Activity
Restate the whole of the data below word for word, skipping the images.
=== Supplied data ===
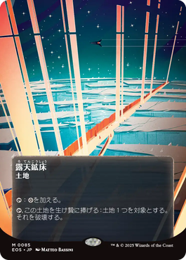 個人的に気になるカードは《露天鉱床》!マジック最初期のカードらしい、ぶっ壊れ性能の持ち主だ。この土地をタップして生け贄に捧げるだけで土地を破壊!しかも対象は……なんでもOK!《不毛の大地》のように基本土地に対しての情なども持ち合わせておらず、問答無用で叩き割る。特に自らクリーチャーを仕掛ける早いデッキや、墓地利用する類のコントロールで用いることで、対戦相手をマナが少ない状態に抑え込んでボコボコに…あまりにも強すぎるため、各種フォーマットで禁止や制限を受けている。現在通常の構築戦ではヴィンテージでのみ使用可能で、1枚制限となっている。
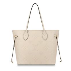 The essential Neverfull MM tote now comes in embossed Monogram Empreinte leather. Its generous dimensions make this bag ideal for everyday use while the long shoulder handles and supple leather mean it’s comfortable to carry. With the side laces cinched, this roomy carryall becomes a stylish city bag. It can be worn over the shoulder or on the elbow.
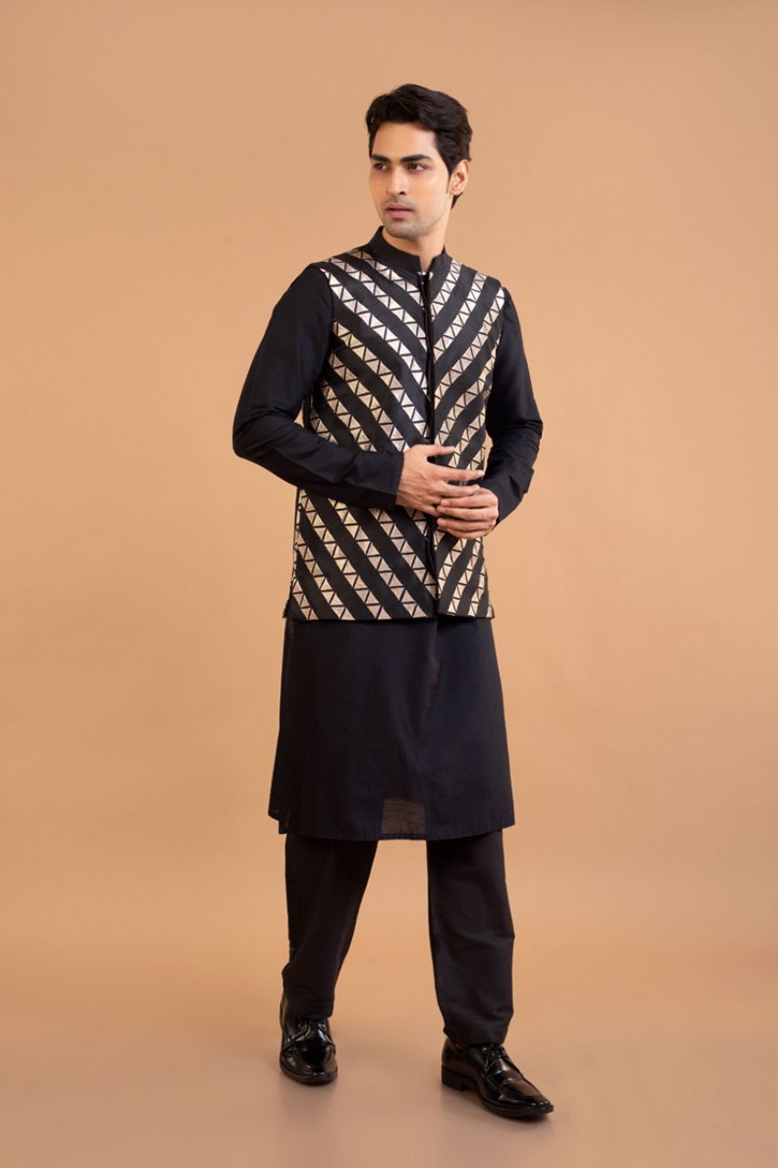 PLAIN BLACK KURTA, HEAVY ZARI EMBROIDERED BUNDI, BLACK PAJAMA BOTTOM
===
Output for this task
 個人的に気になるカードは《露天鉱床》!マジック最初期のカードらしい、ぶっ壊れ性能の持ち主だ。この土地をタップして生け贄に捧げるだけで土地を破壊!しかも対象は……なんでもOK!《不毛の大地》のように基本土地に対しての情なども持ち合わせておらず、問答無用で叩き割る。特に自らクリーチャーを仕掛ける早いデッキや、墓地利用する類のコントロールで用いることで、対戦相手をマナが少ない状態に抑え込んでボコボコに…あまりにも強すぎるため、各種フォーマットで禁止や制限を受けている。現在通常の構築戦ではヴィンテージでのみ使用可能で、1枚制限となっている。
 The essential Neverfull MM tote now comes in embossed Monogram Empreinte leather. Its generous dimensions make this bag ideal for everyday use while the long shoulder handles and supple leather mean it’s comfortable to carry. With the side laces cinched, this roomy carryall becomes a stylish city bag. It can be worn over the shoulder or on the elbow.
 PLAIN BLACK KURTA, HEAVY ZARI EMBROIDERED BUNDI, BLACK PAJAMA BOTTOM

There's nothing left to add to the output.